EPrints Technical Mailing List Archive

See the EPrints wiki for instructions on how to join this mailing list and related information.

Message: #07656

[EP-tech] Antwort: Thesis Bulk Upload/Import

To: <eprints-tech@ecs.soton.ac.uk>, James Kerwin <jkerwin2101@gmail.com>
Subject: [EP-tech] Antwort: Thesis Bulk Upload/Import
From: <martin.braendle@id.uzh.ch>
Date: Thu, 17 Jan 2019 15:02:21 +0100

Hi James,

we did recently import in our repository about 3000 metadata records and PDFs from Swiss National Licence program and attached about a further 2000 PDFs to existing metadata.
Currently I'm working on importing about 4000 e-theses (metadata + PDF) and later 60'000 metadata records of print theses of University of Zurich (back into 19th century) from UZH's library system Aleph. This will increase the current size of our repo by 50%.

1) Biggest pro of having all documents in one repo is findability - you don't want the user to have to search several times in different repos.
Con is that if one does not have the full-text (as above), the overall full-text and OA ratio may be diluted.

2) Was answered by David Newman. Be aware that the code by Neugebauer and Han for ingesting documents is not up-to-date and did not work an EPrints 3.3 repository - had to learn that the hard way. If you need code samples let me know.

3) There may be not something as a preferred or ideal format. You have to work with what you get from the data provider. In our case, this meant writing our own import scripts and plug-ins. Also, there may be data quality issues, which means one has to do thorough data analysis before and massive data massaging during import (if you have XML data, XSLT 2.0 is your friend because of its strong grouping and sorting facilities). And one has to be prepared to implement error handling for all kind of errors that can be caused by wrong, incomplete or missing data.
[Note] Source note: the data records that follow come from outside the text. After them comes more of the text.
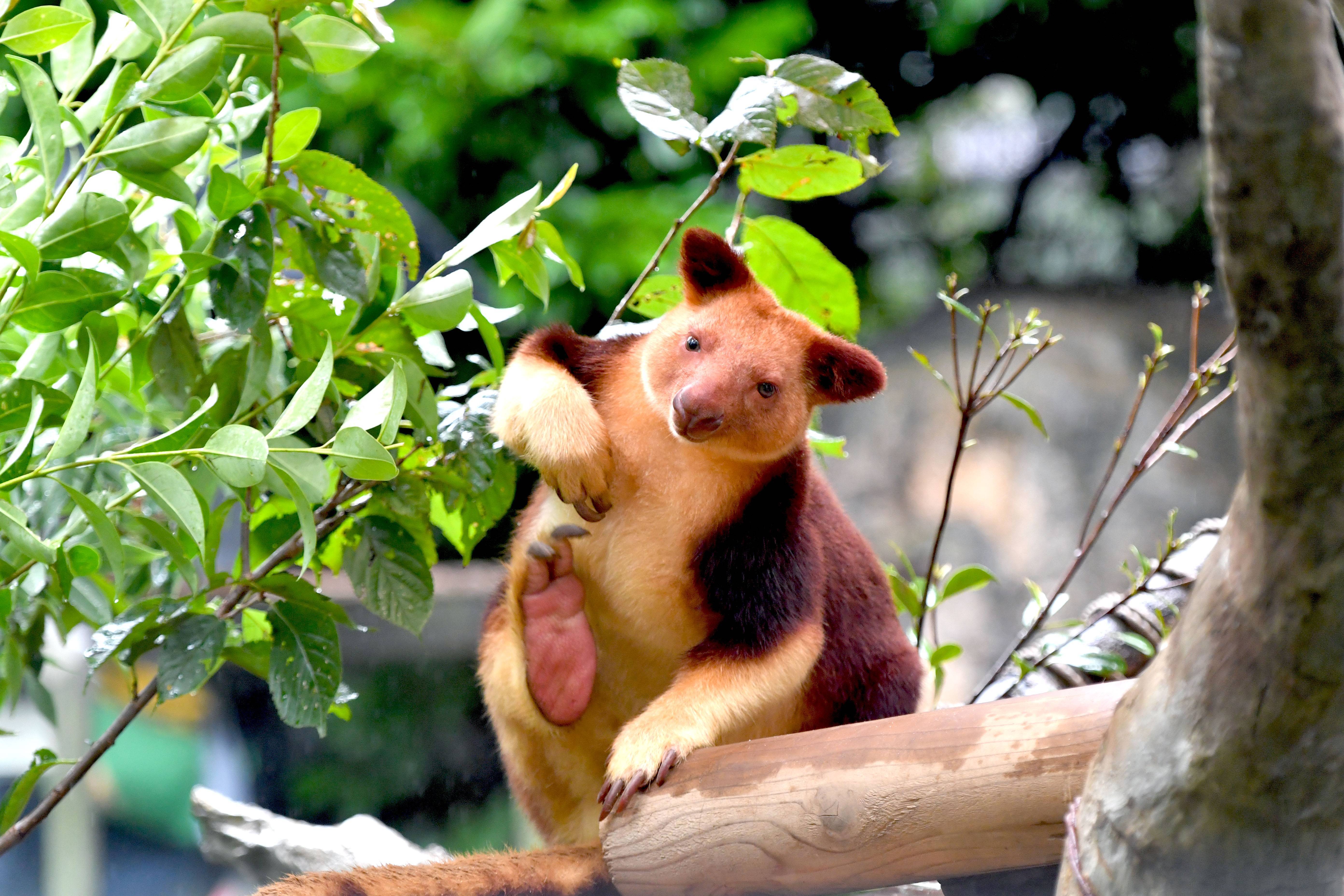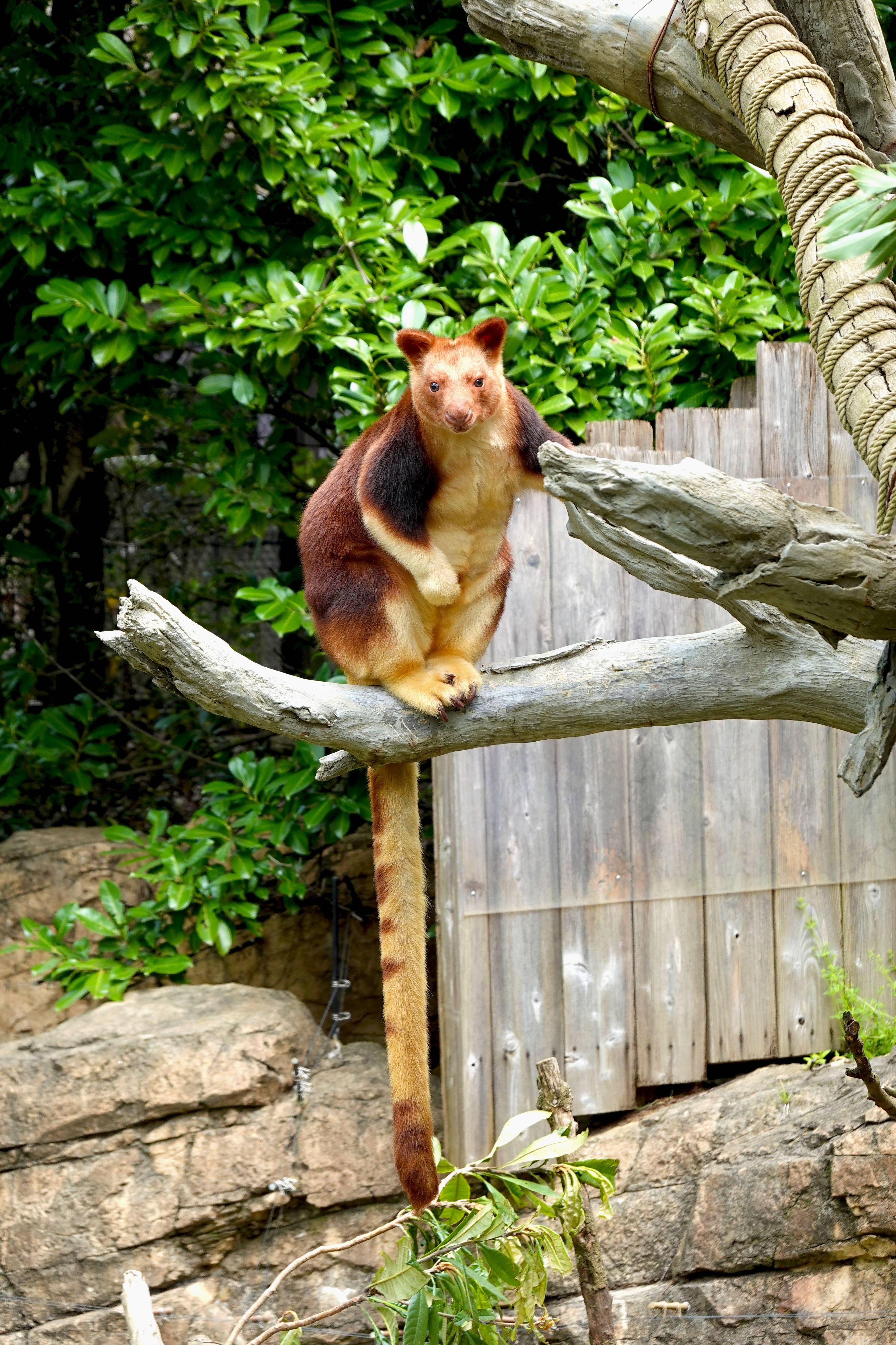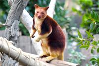 樹上での生活に適応し、前肢ががっしりし、後肢の発達が劣る。頑丈な前肢の爪で枝を握って木に登る。歩く時は後肢を交互に動かして前後に歩くことができ、他のカンガルー類ではできない。背筋に黄土色または淡い茶色の縦じまがあり、首と腰で特にはっきりしている。尾にはリング状の模様があり、その長い尾を使って、樹上でバランスを取っている。
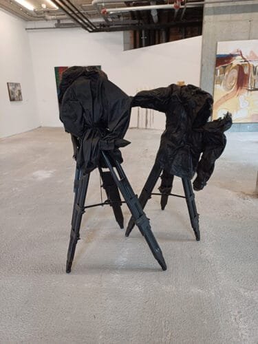 The exhibition continues with the installation Trinity, Triangle, Trio No. 2 by the Apparatus 22 group. The materials used – transformed vintage black leather jackets, oil paint, acrylic paint, and three vintage tripods – outline a conceptual scenario in which human presence is subtly but powerfully suggested. The jackets evoke the silhouette of the artist, a memory of the absent body, while the paints refer directly to the artistic gesture, to the traces of the creative hand. The tripods, technical objects loaded with visual memory, are reminiscent of the documentation process.
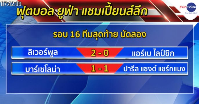 “หงส์แดง” ลิเวอร์พูล และ ปารีส แซงต์ แชร์กแมง ตบเท้าเข้ารอบ 8 ทีมสุดท้าย ฟุตบอลยูฟ่า แชมเปียนส์ ลีก
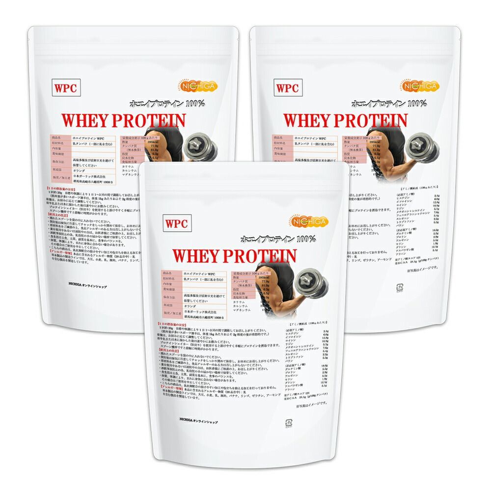 NICHIGA ニチガ公式 ホエイプロテイン WPC 1kg×3袋 沖縄を除く プレーンタイプ タンパク質含有量81.9% アミノ酸スコア100 TKS WWW_GREEN-COOK_ORG

In the case of National Licenses, this involved:
- getting CSV files from the data provider
- 1 script and 2 import plug-ins (NationalLicense, DOI)
- filtering out wrong records because the provider did an unsufficient affiliation matching and there were als records from ETH Zurich (instead of University of Zurich)
- extracting the DOIs, then do an duplicate match or import via DOI plugin to which a separate handler had to be passed
- do a guess of the Dewey classification based on the ISSN of the journal where the article was published using our journal database
- fetching the abstracts from a separate URL - the abstracts were not stored in the CSV and sometimes are not available via Crossref
- adding missing fields that are not available in the metadata (e.g. publication status, subject, OA status, copyright, and so on)
- downloading the PDFs and attaching to the eprint, setting language, format, conent, embargo and security, and making thumbnails on the fly
- printing a report of the import (success and failures, detected duplicates)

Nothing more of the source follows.